§ WORK TASK
Your answer must be the exact lines from the one holding "Чи100та, клининговая компания" through the last line of the records below, with no pictures.
━━ DATA SHOWN ━━
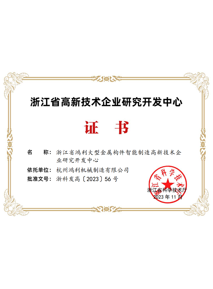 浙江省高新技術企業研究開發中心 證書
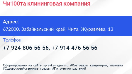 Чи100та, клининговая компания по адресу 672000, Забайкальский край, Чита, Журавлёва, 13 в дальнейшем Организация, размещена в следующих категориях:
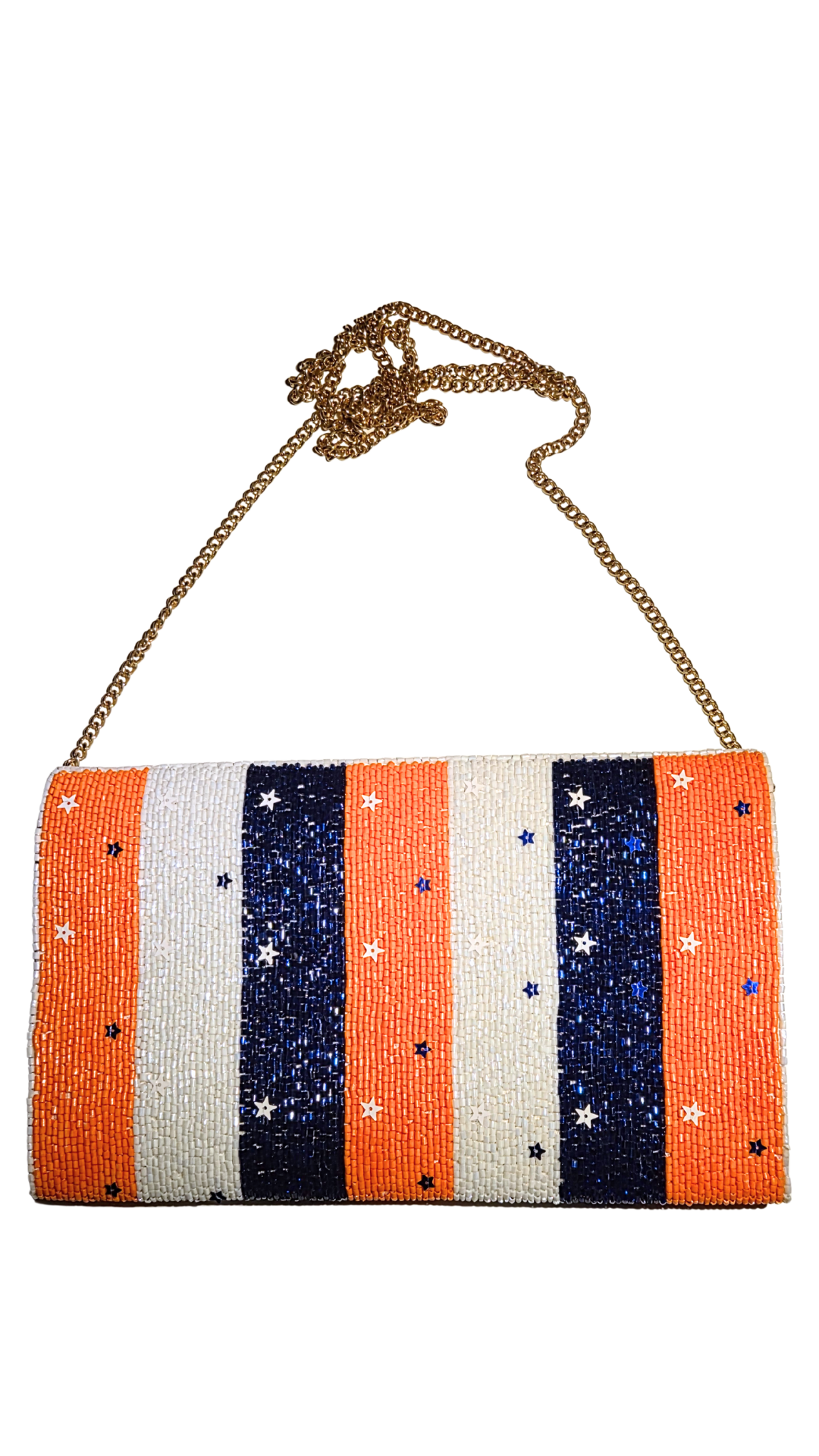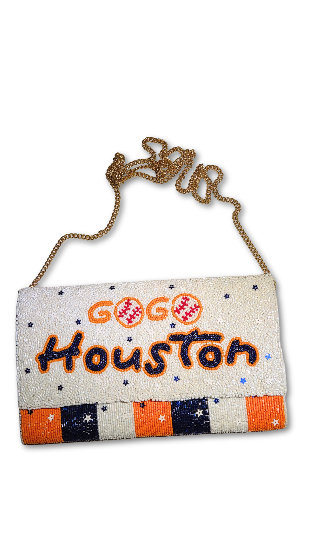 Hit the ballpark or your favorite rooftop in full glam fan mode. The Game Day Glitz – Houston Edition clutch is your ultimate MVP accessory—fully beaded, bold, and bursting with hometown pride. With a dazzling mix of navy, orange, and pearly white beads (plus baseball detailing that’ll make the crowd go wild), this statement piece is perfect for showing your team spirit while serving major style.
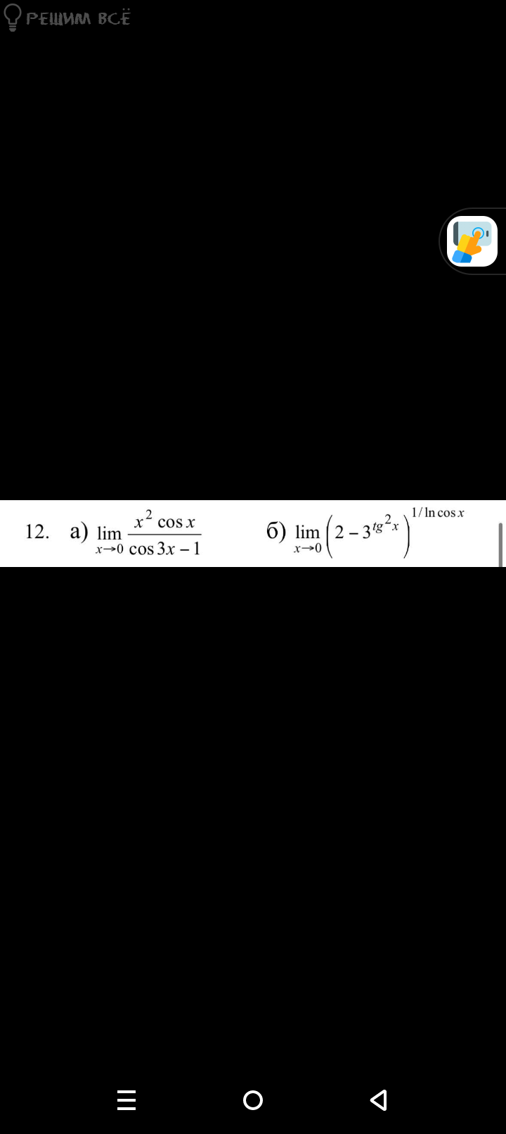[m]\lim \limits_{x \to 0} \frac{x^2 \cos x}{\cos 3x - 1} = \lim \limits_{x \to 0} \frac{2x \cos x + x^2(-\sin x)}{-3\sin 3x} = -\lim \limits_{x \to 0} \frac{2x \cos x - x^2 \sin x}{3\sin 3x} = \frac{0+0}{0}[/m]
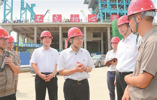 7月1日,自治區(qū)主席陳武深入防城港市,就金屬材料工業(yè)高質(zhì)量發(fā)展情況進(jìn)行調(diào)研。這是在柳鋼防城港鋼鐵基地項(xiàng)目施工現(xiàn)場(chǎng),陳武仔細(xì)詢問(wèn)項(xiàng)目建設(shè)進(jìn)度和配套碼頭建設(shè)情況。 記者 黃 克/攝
━━━
§ WRITTEN REPLY
 Чи100та, клининговая компания по адресу 672000, Забайкальский край, Чита, Журавлёва, 13 в дальнейшем Организация, размещена в следующих категориях:
 Hit the ballpark or your favorite rooftop in full glam fan mode. The Game Day Glitz – Houston Edition clutch is your ultimate MVP accessory—fully beaded, bold, and bursting with hometown pride. With a dazzling mix of navy, orange, and pearly white beads (plus baseball detailing that’ll make the crowd go wild), this statement piece is perfect for showing your team spirit while serving major style.
[m]\lim \limits_{x \to 0} \frac{x^2 \cos x}{\cos 3x - 1} = \lim \limits_{x \to 0} \frac{2x \cos x + x^2(-\sin x)}{-3\sin 3x} = -\lim \limits_{x \to 0} \frac{2x \cos x - x^2 \sin x}{3\sin 3x} = \frac{0+0}{0}[/m]
 7月1日,自治區(qū)主席陳武深入防城港市,就金屬材料工業(yè)高質(zhì)量發(fā)展情況進(jìn)行調(diào)研。這是在柳鋼防城港鋼鐵基地項(xiàng)目施工現(xiàn)場(chǎng),陳武仔細(xì)詢問(wèn)項(xiàng)目建設(shè)進(jìn)度和配套碼頭建設(shè)情況。 記者 黃 克/攝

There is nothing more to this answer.